Look at a commonly seen statement of the operator postulate:

"Every observable A is associated with a linear Hermitian operator A^, which can be constructed using the following rules.
(i) The operator form of the position coordinate x is x itself, i.e. x^ = x (similarly for y, z)
(ii) The operator form of linear momentum component px is [h/2(pi)i] d/dx, i.e.,
px^ = [h/2(pi)i] d/dx (similarly for py, pz)
(iii) The operator form of any observable A is obtained by first writing its classical expression in terms of the basic properties x, y, z and px, py, px and then replacing them by their respective operators given above."

12. Apr 7, 2010

### Fredrik

Staff Emeritus
The wavefunction is usually not an eigenvector of the Hamiltonian.

I'm not sure what you're trying to say with this post, but don't forget that immediately after a measurement of an observable represented by a self-adjoint operator A, the system is in an eigenstate of A.

This is not an axiom of QM. It's a recipe for how to construct quantum theories from classical theories. Note that this "quantization" procedure is ambiguous, because p and x don't commute. Your book should include a discussion of that fact.

13. Apr 7, 2010

### enotstrebor

What if : for every physical observable O, there does NOT exists an associated operator O such that Opsi = o*psi, and this equation is solvable for o and a corresponding value of psi

or

what if: for every physical observable O, there exists an associated operator O such that Opsi = o*psi, and this equation is NOT solvable for o and a corresponding value of psi.

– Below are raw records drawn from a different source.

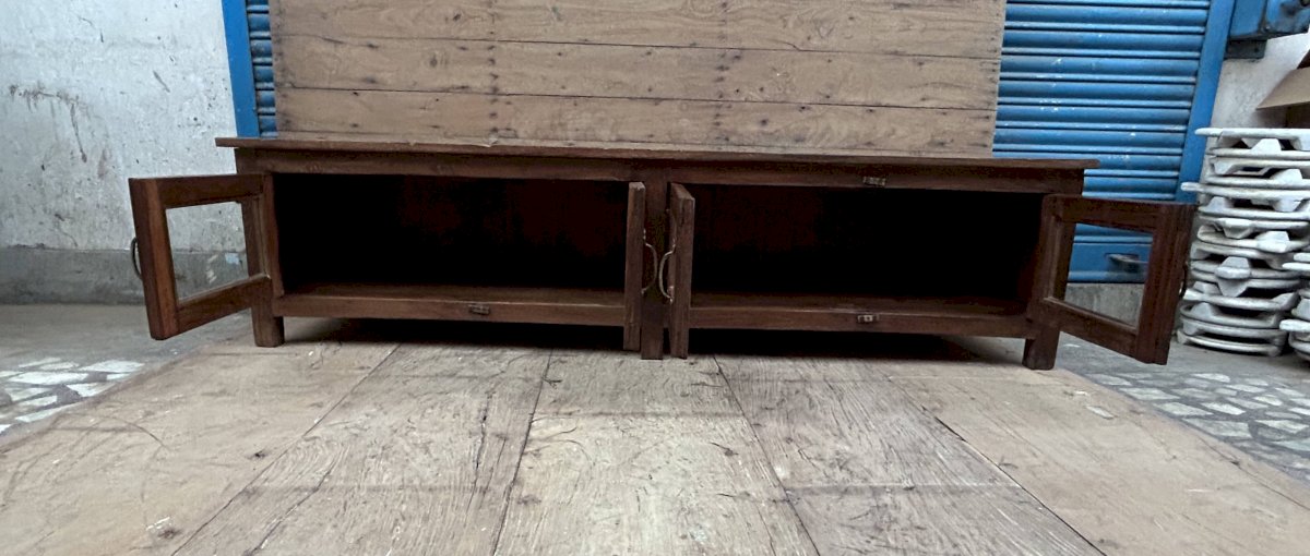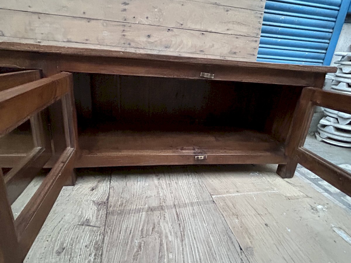 Buffet - meuble TV vitré en teck birman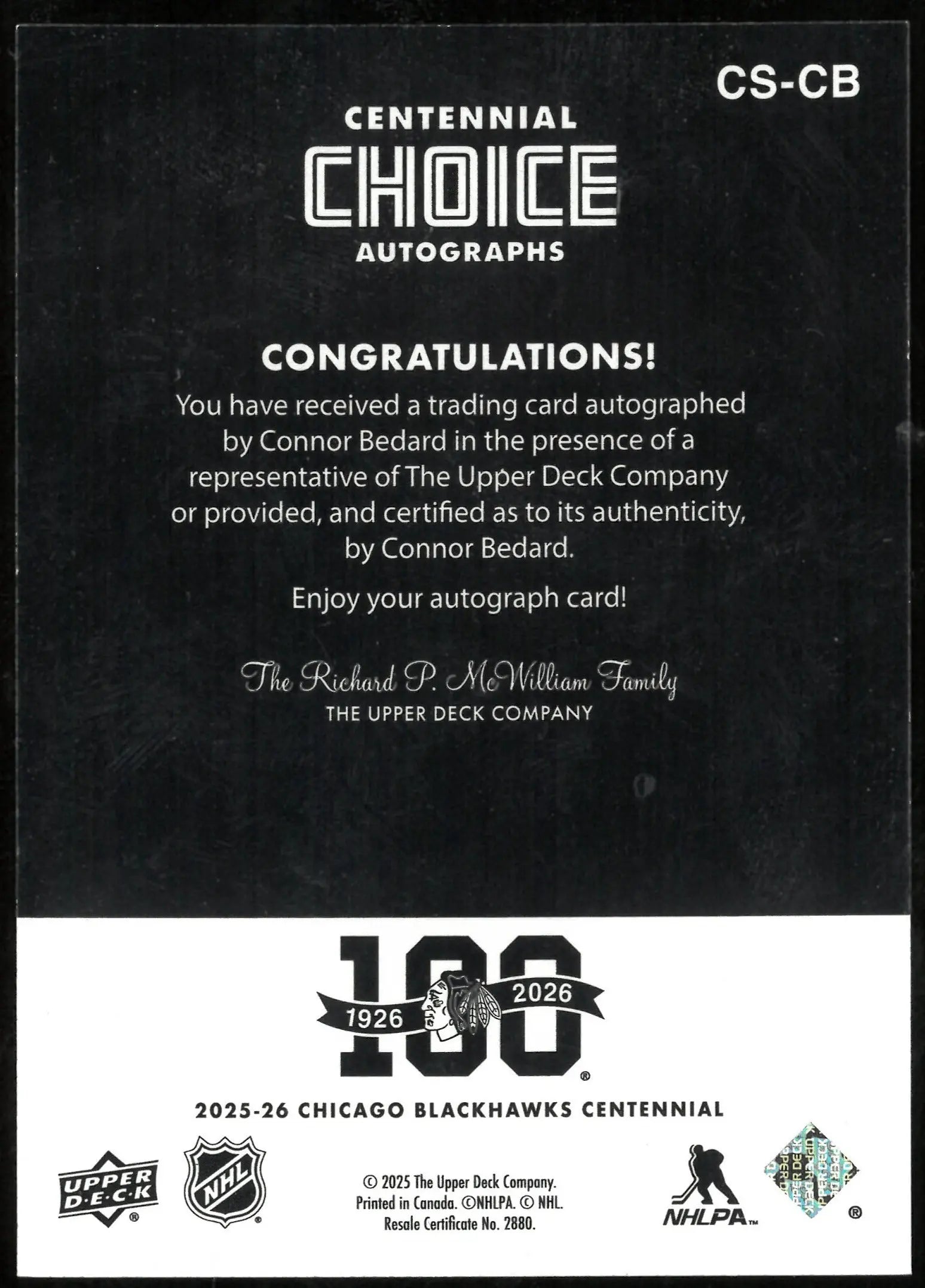 Connor Bedard Auto Blackhawks UD Centennial Choice 2025-26 SSP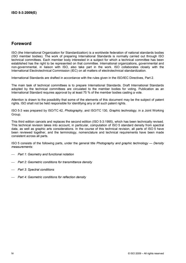 - Computation procedures: methods for calculating ISO 5 standard density from spectral reflectance or transmittance data (see Annex B and Annex D).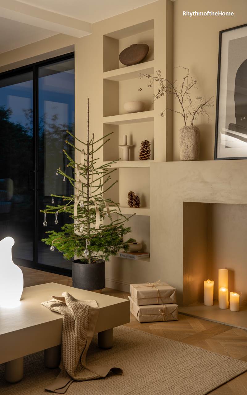 This living room showcases a serene and contemporary approach to Christmas decor, where simplicity and texture reign. A sparse, natural Christmas tree in a simple black pot is decorated with delicate glass teardrops and a white ribbon, its organic shape a focal point against the clean, neutral walls. The minimalist fireplace and built-in shelving are adorned with just a few carefully chosen objects: pinecones, bare branches in a vase, and simple ceramic forms. A cluster of white pillar candles provides a soft, ambient glow, enhancing the tranquil and sophisticated atmosphere of this modern holiday sanctuary.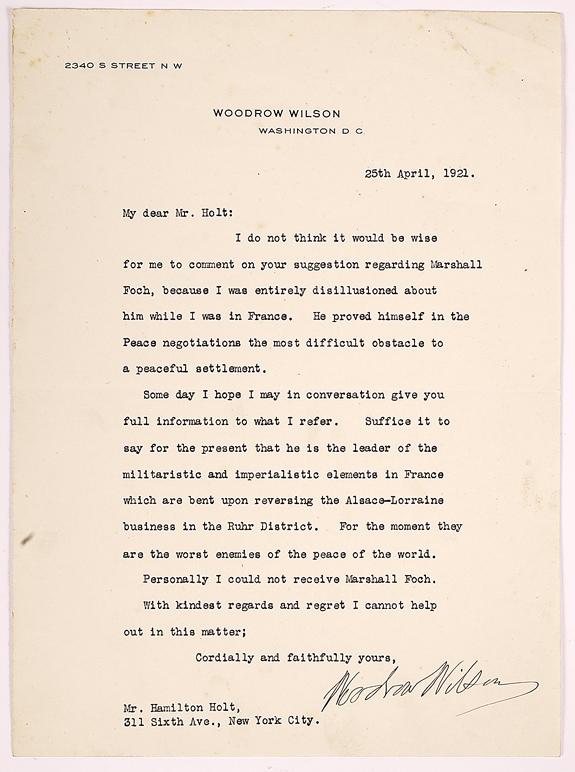 Wilson, Woodrow (1856-1924) 28th President of the United States (1913-1921). Superb content typed letter signed, on his personal letterhead, 1p, 9½ x 7 in., Washington, 25 April 1921. To Hamilton Holt (1872-1951), editor and publisher of the liberal weekly The Independent and a founder of the NAACP, responding to a letter from Holt in which he stated that in light of French General Ferdinand Foch having been de facto supreme commander of Allied forces during World War I, Congress should consider offering him, upon his visit to the U.S., a pension or other gift, as it had done with Lafayette 150 years earlier.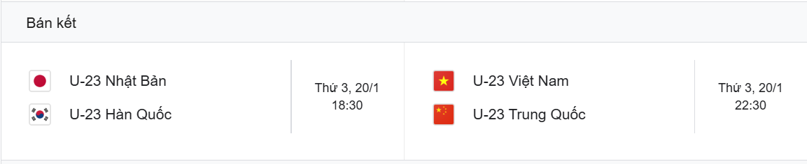 Theo lịch thi đấu bán kết Giải bóng đá U23 châu Á 2026 mới nhất, U23 Việt Nam “chạm trán” U23 Trung Quốc vào lúc 22 giờ 30 phút ngày 20-1. Trước đó vào lúc 18 giờ 30 phút ngày 20-1 là cuộc đối đầu giữa U23 Nhật Bản và U23 Hàn Quốc. Cả hai trận đấu này đều được trực tiếp trên các kênh sóng của VTV, ứng dụng TV360 và được Báo Quân đội nhân dân cập nhật kết quả.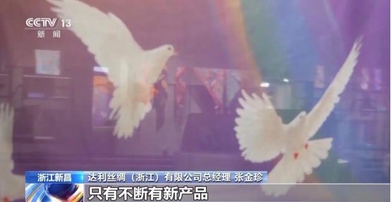 达利丝绸(浙江)有限公司总经理 张金珍:未来我们不仅仅是把这些面料应用到服装、服饰、家纺产品上,也把它做成墙布、装饰品,只有不断有新产品,技术不断地去创新,才能够引领市场。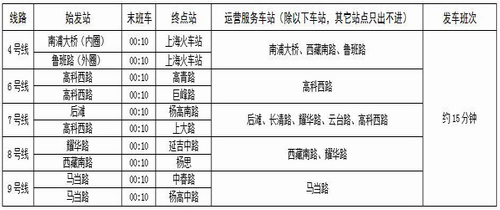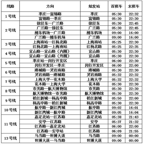 軌道交通4、6、7、8、9五條涉博線路在常規(guī)末班車后,將在世博園周邊站點(diǎn)加開加班列車,除重點(diǎn)涉博車站以外,其他途經(jīng)車站只可下客出站,不可進(jìn)站上客和換乘。加開列車末班車時(shí)間為0:10,運(yùn)營(yíng)間隔約為15分鐘一班。具體車站的首末班車時(shí)間還可查看各車站公告、至上海地鐵官網(wǎng)(/) 進(jìn)行查詢或撥打地鐵服務(wù)熱線64370000進(jìn)行詢問。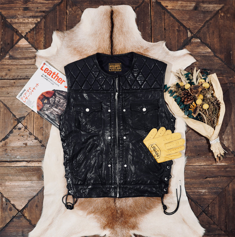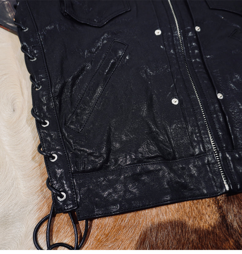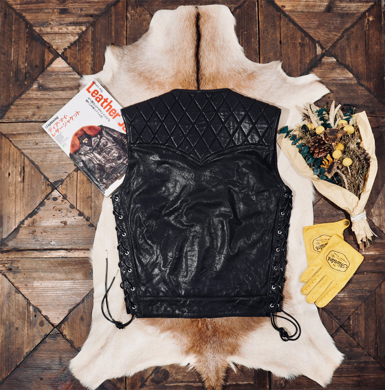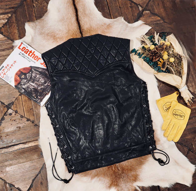 ◇植物タンニン鞣し シープレザー ウォッシュ加工ライダース ベスト◇ S~4XL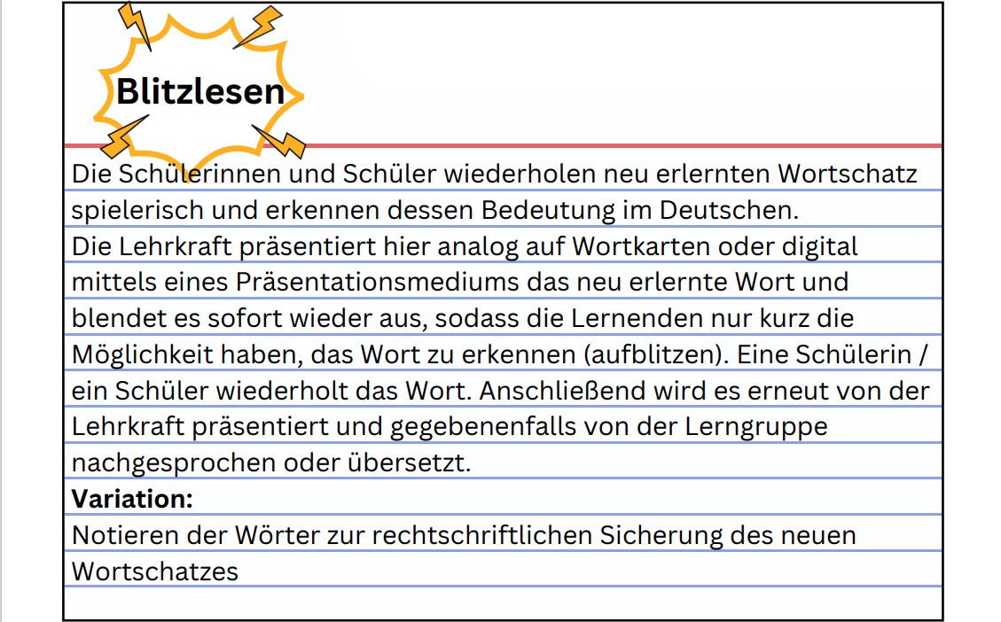 Um eine monotone und reizarme Lernsituation zu vermeiden, dient der gezielte Einsatz von Humor, da Gefühlsregungen und Stimmungen die Handlungsbereitschaft eines Menschen ganz erheblich beeinflussen. Das Erzählen von Witzen, Visualisieren von Redemitteln durch Cartoons, skurrile Geschichten usw. bringen Abwechslung in das Unterrichtsgeschehen und tragen positiv zur Verinnerlichung und zum situations- und bedarfsgerechten Abrufen der Redemittel bei.

or what if any other NOT combination is true, what use would the theory be?

14. Apr 8, 2010

### mpkannan

15. Apr 8, 2010

### Fredrik

Staff Emeritus
Any function f of the form f(x,t)=exp(-iHt)u(x), where u is a twice differentiable function, solves the Schrödinger equation. You need to perform an energy measurement to change u into a function that satisfies Hu=Eu for some u.